Let the car sit for about 10 minutes. Repeat the bleeding process at each corner. The pedal should now feel pretty stiff. If the pedal still feels spongy, make sure that you have the proper adjustment on your rear calipers or drum shoes. Also, you may need a new master cylinder, have a leaky caliper, or have old spongy flexible brake lines.
If you find that your ABS equipped car feels spongy on the brake pedal, take the car to a deserted parking lot and engage the ABS system by slamming the brakes a few times. Then go back and re-bleed the system: it may take care of the spongy pedal, although this not a factory recommended procedure and it may not eliminate all the air from the system.
Another important thing to remember is that brake fluid kills paint. Brake fluid spilled on paint will permanently mar the surface, so be very careful not to touch the car if you have it on your hands and clothing. This of course, is easier said than done - don't bleed the system in a tight garage. The probability of spilling on yourself and then leaning against your car is too great. Rubber gloves help to protect yourself from getting it on your hands and your paint. If you do get a spot on your paint, make sure that you blot it with a paper towel - don't wipe or smear it. It's also important not to try to clean it off with any chemical or other cleaning solutions.

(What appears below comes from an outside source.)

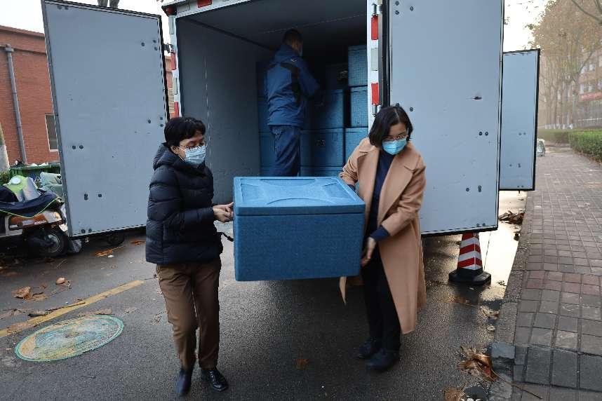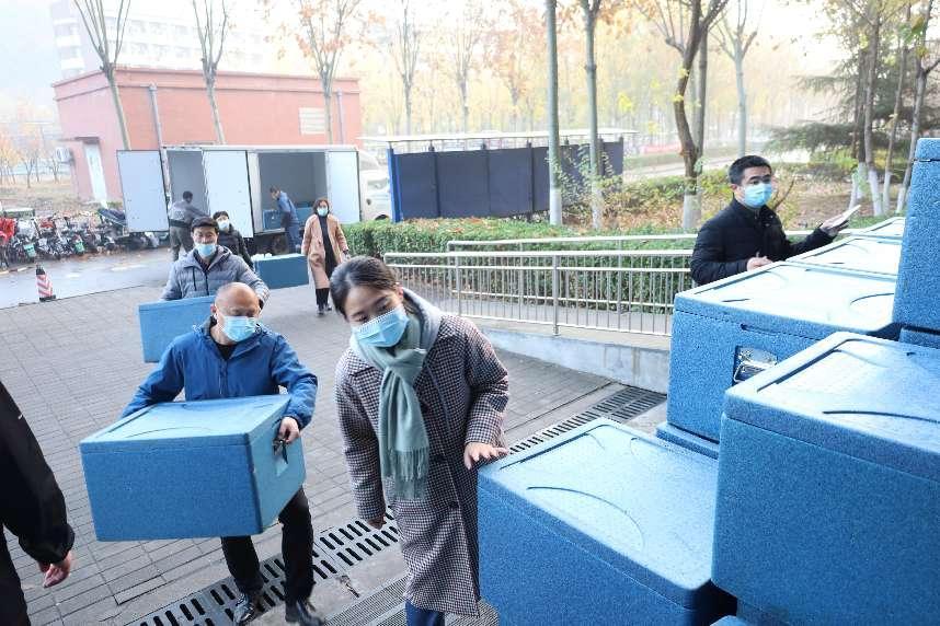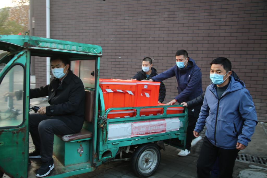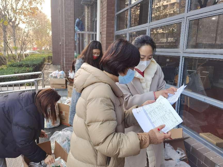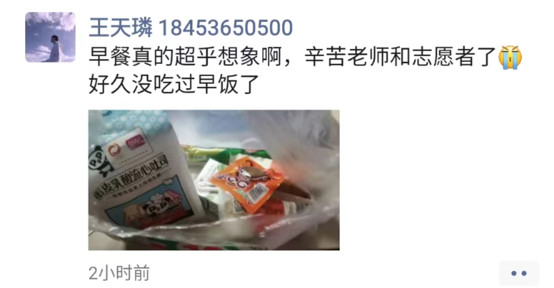 当朝霞开启崭新的一天,清晨6:30,教工志愿者们早早按照分组分工、到岗到位,开始为早餐运送分发做着准备。

Remove the protective cap from the brake fluid reservoir and attach the connection for the pressure bleeder. Shown here is the Motive Products Power Bleeder. Available for about $50 from PelicanParts.com, it is a huge time-saver when it comes to bleeding your brakes.
Front and Rear Calipers: Remove the rubber cap off the bleed nipple and attach a section of clear plastic tubing. Open the 11mm bleed nipple in the caliper by about a quarter of a turn. Let the brake fluid run out of the caliper until no more bubbles appear. Close the bleeder valve and put the protective cap back on. Repeat the process for all calipers starting from the furthest caliper from the reservoir.